The corollary of the above conclusion is that the major sites of interaction between these proteins must be their extracytoplasmic regions. To confirm this, we constructed a protein consisting of ZapA fused to a DivIB in which (Cyto-TM)DivIB regions were replaced by the corresponding regions of the unrelated E. coli protein TolR, yielding ZapA-(Cyto-TM)TolR-αβγ. As shown in Fig. 2C, ZapA-(Cyto-TM)TolR-αβγ was able to recruit PBP 2B to midcell, indicating that the extracytoplasmic region of DivIB must contain the primary molecular epitopes that mediate its interaction with PBP 2B.
The extracytoplasmic region of DivIB is comprised of two autonomously folded N-terminal domains, termed α and β, and an unstructured C-terminal segment referred to as γ (31) (Fig. 3). Although the unstructured γ “domain” in B. subtilis DivIB might be as short as ∼20 residues (see discussion below), this region comprises >60 residues in some species. We have chosen to refer to this region as the γ tail to be consistent with recent work on Streptococcus pneumoniae DivIB (25) and to highlight the fact that this region is unstructured, at least in the absence of other divisomal proteins (25, 31).

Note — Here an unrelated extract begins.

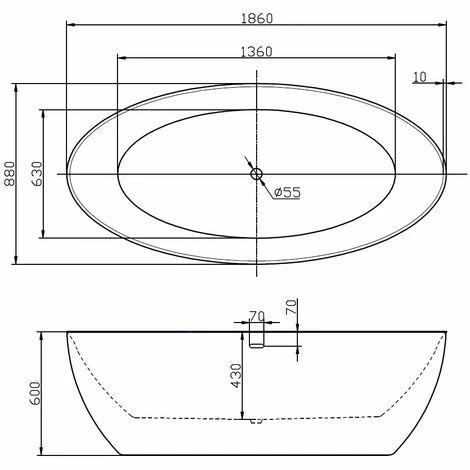 BERNSTEIN Baignoire îlot TERRA En Acrylique Sanitaire Blanc Mat – 186 X 88 X 60 Cm – Robinetterie En Option: Sans Robinet Mitigeur, Sans Siphon

In B. subtilis DivIB, the three extracytoplasmic regions were originally defined as residues 51 to 122 (α), 123 to 228 (β), and 229 to 263 (γ) (31, 38). As will be discussed in more detail below, there is some debate about the exact boundary between the β and γ domains in DivIB (25, 36), but we used the originally defined domain boundaries for initial studies. In these experiments, we made a fusion of ZapA to the cytoplasmic and TM regions of DivIB and then added various combinations of DivIB extracellular domains to determine which domains were capable of recruiting GFP-PBP 2B.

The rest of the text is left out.